For another  story  about the beautiful  Blue Mountains, click HERE


  1. Fascinating! Wish I had one.

  2. What an absolutely fascinating plant, although I don’t like to think of you or Editor Des in charge of anything like magic dust! Thank goodness your version only grows to 10 cm otherwise the alternative is a scary thought.

    • Pauline

      Yes, we could decimate the entire Blue Mountains! I think I noticed Rob secretly pulling them out.

  3. I found the plant uses incredible. I’ve never seen it before.


  4. That is so cool! I love learning about native plants and all their “new” uses. Which is funny because they aren’t new at all — native peoples have been using them for all sorts of maladies for hundreds of years. I’ve tried my hand at some homeopathic remedies, but the ones you’ve listed here are just plain fun. 🙂

    Thanks for tips. I can’t wait to get my hands on some of this stuff and WOW my niece and nephew.

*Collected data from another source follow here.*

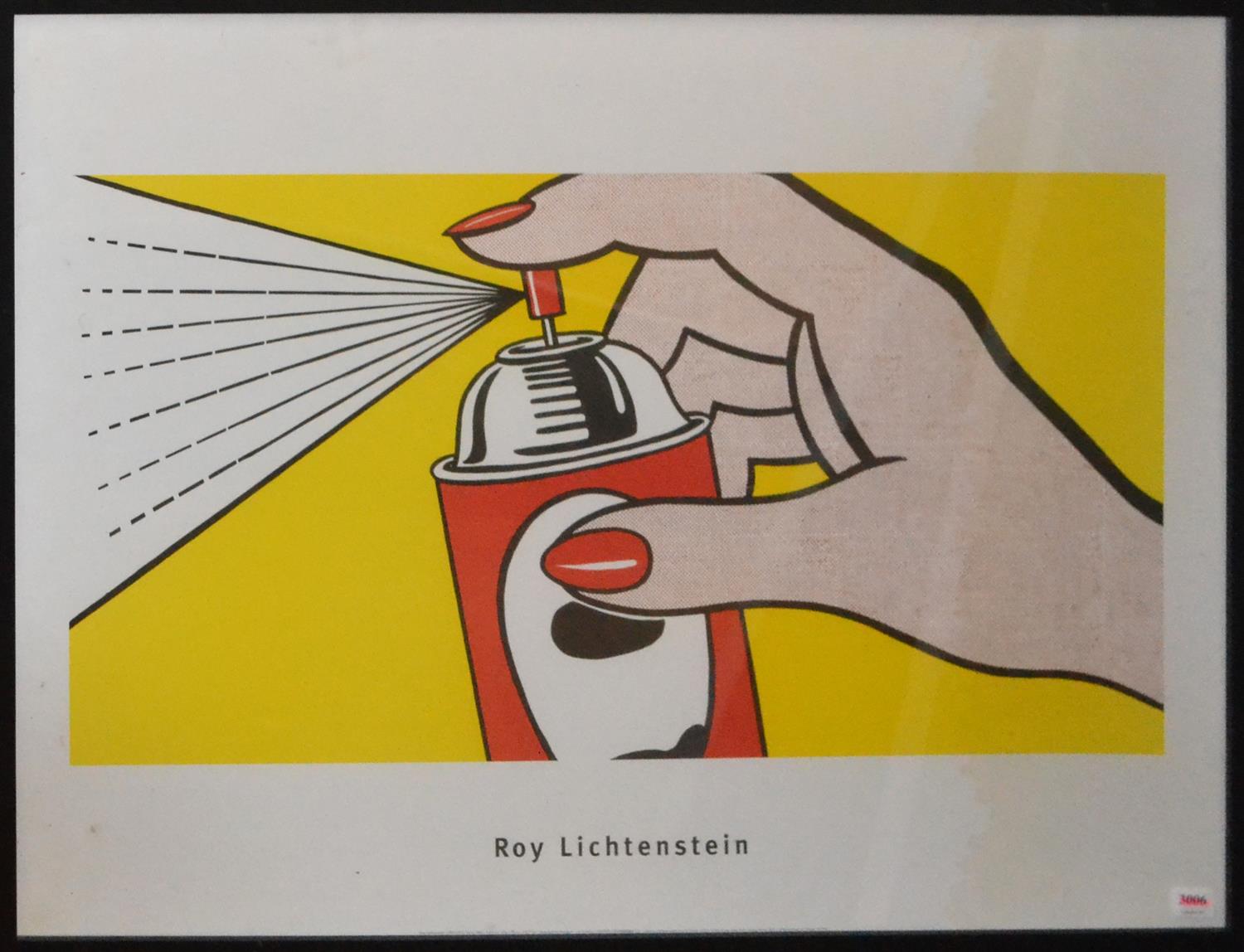 AFTER ROY LICHTENSTEIN, SPRAY CAN, REPRODUCTION PRINT, 38 X 73CM FRAME SIZE: 65 X 86CM CONDITION: WATER DAMAGE AND MOULDING BEHIND GLASS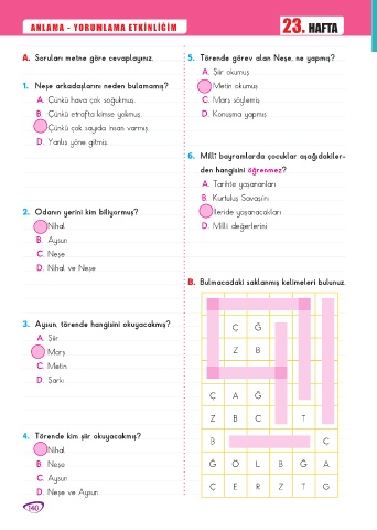 A. Soruları metne göre cevaplayınız. 5. Törende görev alan Neşe, ne yapmış?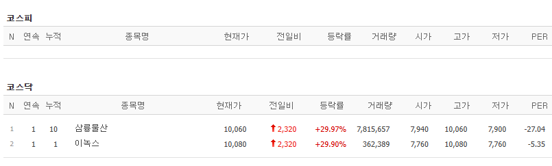 7월 11일 오늘의 상한가 삼륭물산 이녹스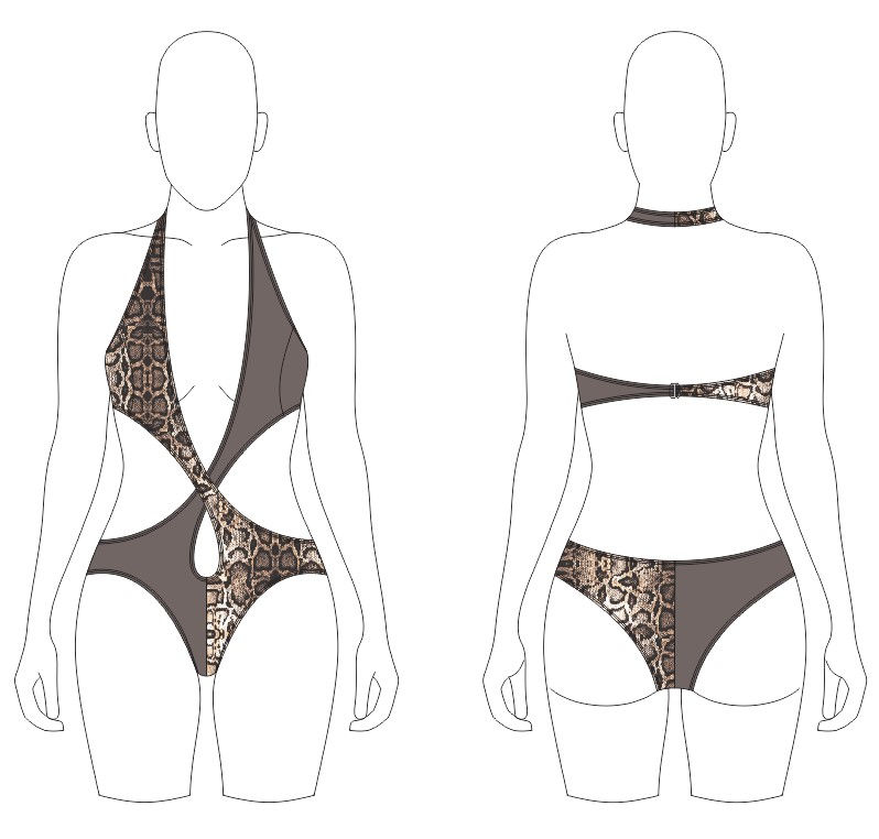 If you're looking for a block for larger busts, with two very supportive curved darts then this is for you. It can be used independantly to create stringed triangle and halter neck bikini tops or as a component block for large busts when working with other blocks. For example you might want to use a double darted big bust halter connected to an 8% one piece at the Empire line.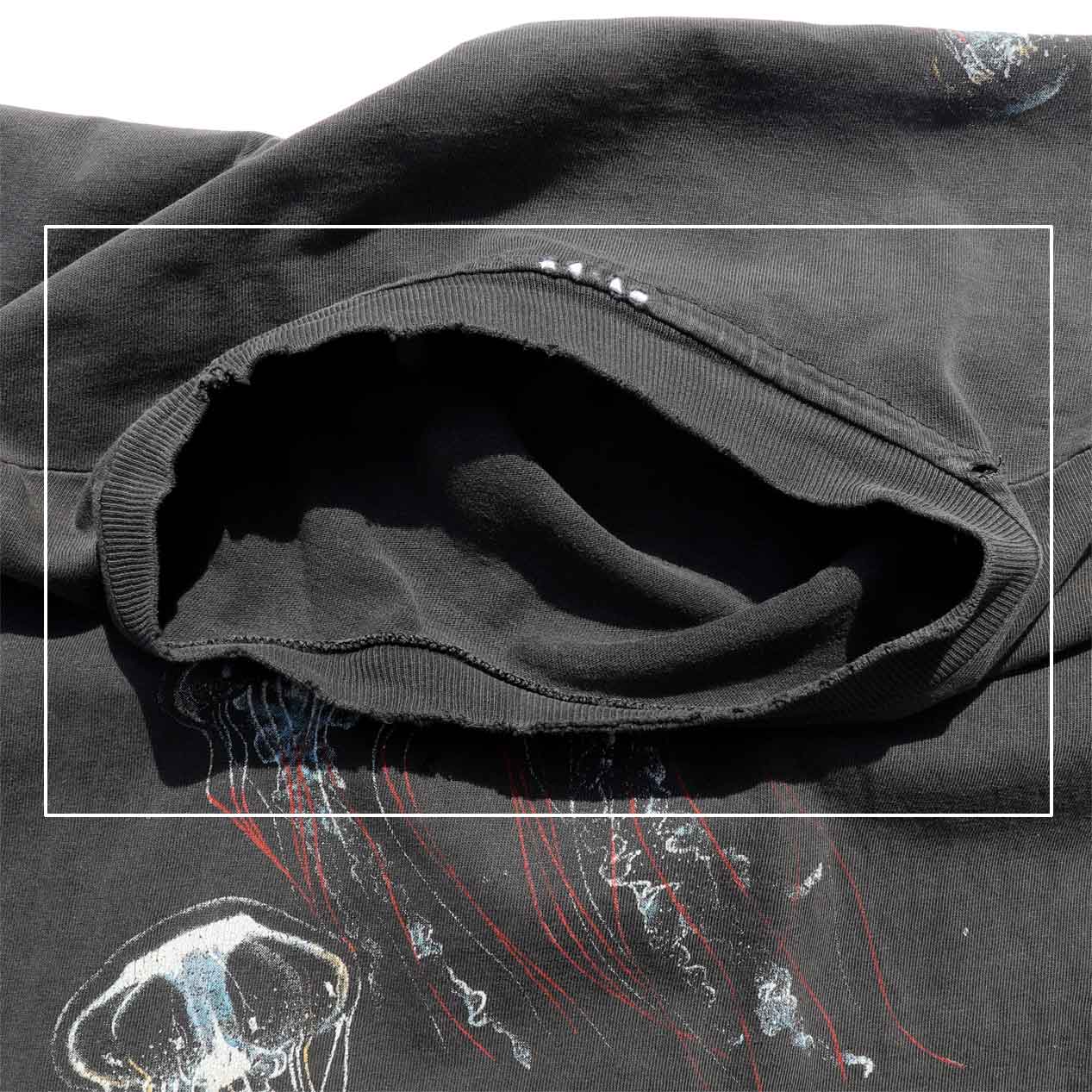 ・全体: 着用感、強い色褪せ、首リブ端周囲にスレ破れ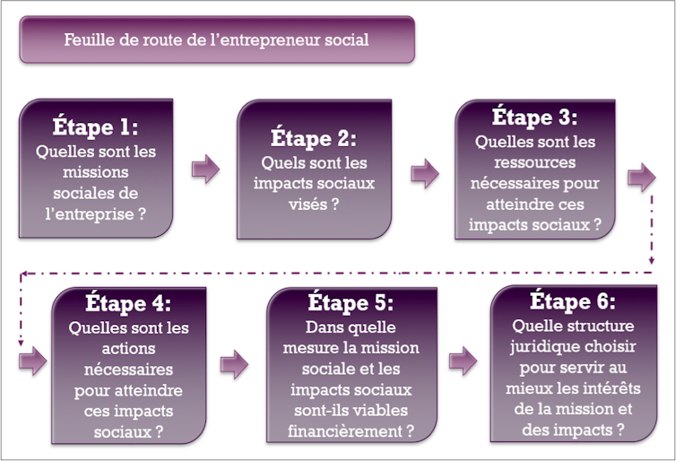 Lors du lancement d’une entreprise sociale, l’élaboration du business model reste donc une étape aussi cruciale que compliquée. Pour éclairer les entrepreneurs sociaux, nous avons mené une recherche qui a permis l’élaboration d’une feuille de route (voir ci-dessous) pour les aider dans leur analyse.

  5. The specimen pictured in your garden looks even more spectacular without the decorations. But I can fully see why you decided to decorate it, as it is very conifer-like. A lovely thing. Our species in the UK are creeping and you would be lucky to find a fruiting branch rising to 10cm!

  6. lycopodium was used for many years for waterproofing tents and clothing. It has only one fault the dust can cause an explosive bush fire if they come in contact with a flame.

    • Pauline

      Oh dear me, I can imagine, Des. I will have to add this to the story. Thanks for the info.